9. CHANGE IN COMMON STOCK OR CORPORATE STRUCTURE.
a) If at any time the number or nature of outstanding shares of
Common Stock of the Company shall be increased or changed as the result of any
spinoff, stock dividend, subdivision or reclassification of shares, the number
or nature of shares of Common Stock subject to this Agreement after such an
event shall be increased or changed in the same proportion or manner as the
outstanding number of shares of Common Stock is increased or changed, or if the
number of outstanding shares of Common Stock shall at any time be decreased as
the result of any combination or reclassification of shares, the number of
shares of Common Stock subject to this Agreement after such an event shall be
decreased in the same proportion as the outstanding number of shares of Common
Stock is decreased.
b) In the event the Company shall at any time be consolidated with or
merged into any other corporation and holders of the Company's Common Stock
receive common shares of the resulting or surviving corporation, there shall be
an adjustment to the shares of Common Stock subject to this Agreement after such
an event, and in place of the shares so subject, a stock equivalent shall be
determined by multiplying the number of common shares of stock given in exchange
for a share of Common Stock upon such consolidation or merger, by the number of
shares of Common Stock subject to this Agreement. If in such a consolidation or
merger, holders of the Company's Common Stock shall receive any consideration
other than common shares of the resulting or surviving corporation, the
Committee shall determine the appropriate change in shares held pursuant to this
Agreement after such an event; provided, however, such change shall not be to
the detriment of the Executive.
10. APPLICATION OF LAWS. The granting of Common Stock hereunder shall be
subject to all applicable laws, rules and regulations and to such approvals of
any governmental agencies as may be required.
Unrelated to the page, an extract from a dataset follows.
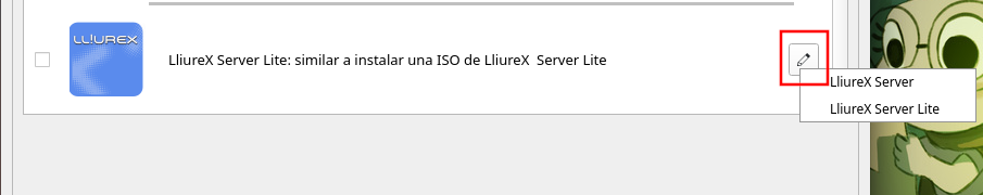 • Servidor Lite: seria equivalente a instalar una ISO de Servidor-Lite de Lliurex (similar al servidor completo pero sin las aplicaciones educativas). En este caso a los metapaquetes ya instalados en el sistema se añadirá el metapaquete lliurex-meta-server-lite

11. TAXES. Any taxes required by federal, state or local laws to be
withheld by the Company on the Grant or the delivery of Common Stock hereunder
shall be paid to the Company by the Grantee by the time such taxes are required
to be paid or deposited by the Company. The Grantee hereby authorizes the
conversion to cash by the Company of a sufficient amount of Common Stock to
satisfy the withholding prior to the delivery of Common Stock.
12. NOTICES. Any notices required to be given hereunder to the Company
shall be addressed to The Secretary, RJR Nabisco Holdings Corp., 0000 Xxxxxx xx
xxx Xxxxxxxx, Xxx Xxxx, XX 00000-0000, and any notice required to be given
hereunder to the Grantee shall be sent to the Grantee's address as shown on the
records of the Company.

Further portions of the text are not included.